For information on how Palo Alto Networks protects its customers from these threats, please refer to our Threat Assessment: Active Exploitation of Four Zero-Day Vulnerabilities in Microsoft Exchange Server.
By leveraging CVE-2021-27065, a post-authentication arbitrary file write vulnerability, an attacker is able to effectively inject code into an ASPX page for Exchange Offline Address Book (OAB). When this page is compiled with the injected webshell, the attacker can send other code and gain further access. The China Chopper webshell is a lightweight, one-line script that is observed being dropped in these attacks by the use of the PowerShell Set-OabVirtualDirectory cmdlet. This one-line webshell is relatively simple from the server perspective and has been observed in attacks since at least 2013, when FireEye reported on it.

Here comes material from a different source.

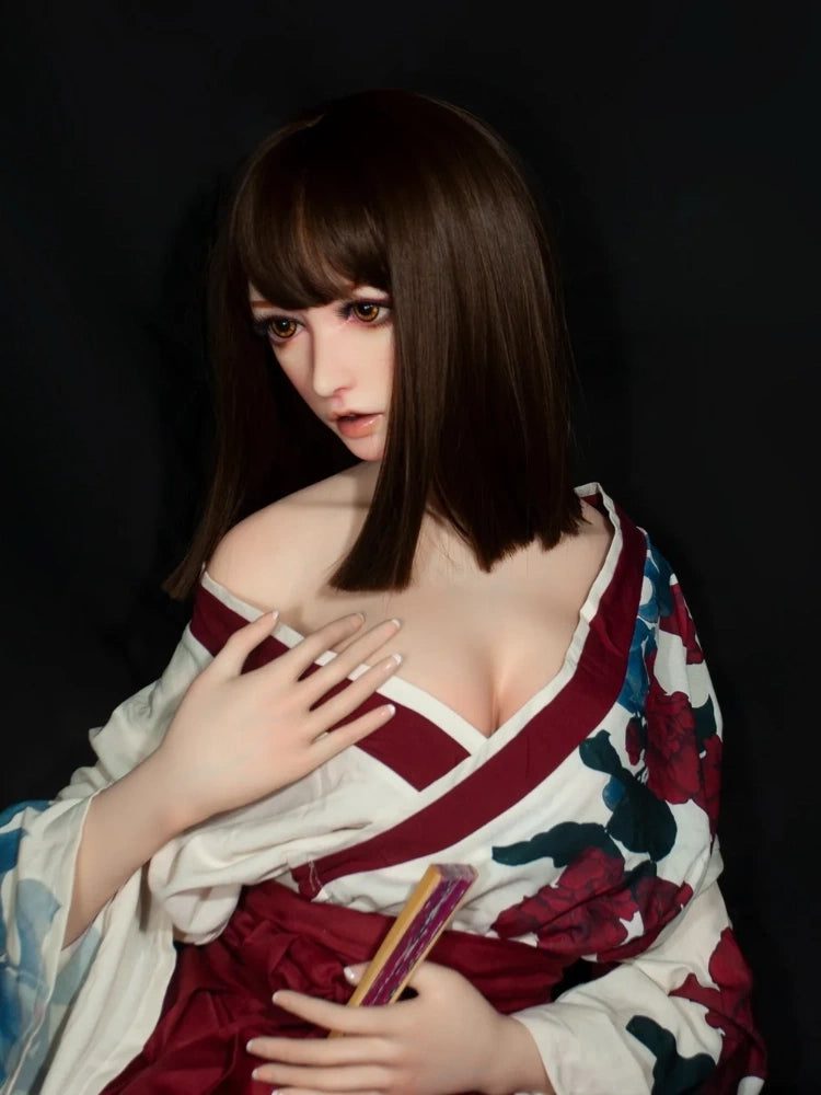 Experience true seduction with F1546-Elsa Babe. the ultimate pleasure companion standing at 165cm. This full silicone sex doll is adorned in a beautiful and intricately designed traditional Japanese kimono. Indulge in your deepest desires with this exotic and alluring Anime-inspired doll.

The key detail here is that the China Chopper webshell is injected into a pre-existing OAB ASPX page that contains configuration information unrelated to the webshell. It’s been reported that there are thousands of compromises, and any on-premises Exchange Server that is exposed to the internet should assume it’s been scanned numerous times. Knowing this, and knowing that thousands of companies this week have begun the laborious chore of responding to these attacks within their infrastructure, it didn’t take long before these OAB files started popping up on VirusTotal (VT).
To identify the specific OAB configuration files we’re interested in, I created a small YARA rule to identify some of the observed templates for the China Chopper webshell as they exist within OAB configurations.
author = "Jeff White (Palo Alto Networks) @noottrak"
date = "02MAR2021"
hash01 = "e8ea17cd1de6d3389c792cce8c0ff1927a6386f0ef32ab0b097763de1f86ffc8"
hash02 = "34f9944a85ffba58f3fa60c5dc32da1ce6743dae261e1820ef6c419808757112"
hash03 = "55fbfab29f9d2c26f81f1ff901af838110d7f76acc81f14b791a8903aa8b8425"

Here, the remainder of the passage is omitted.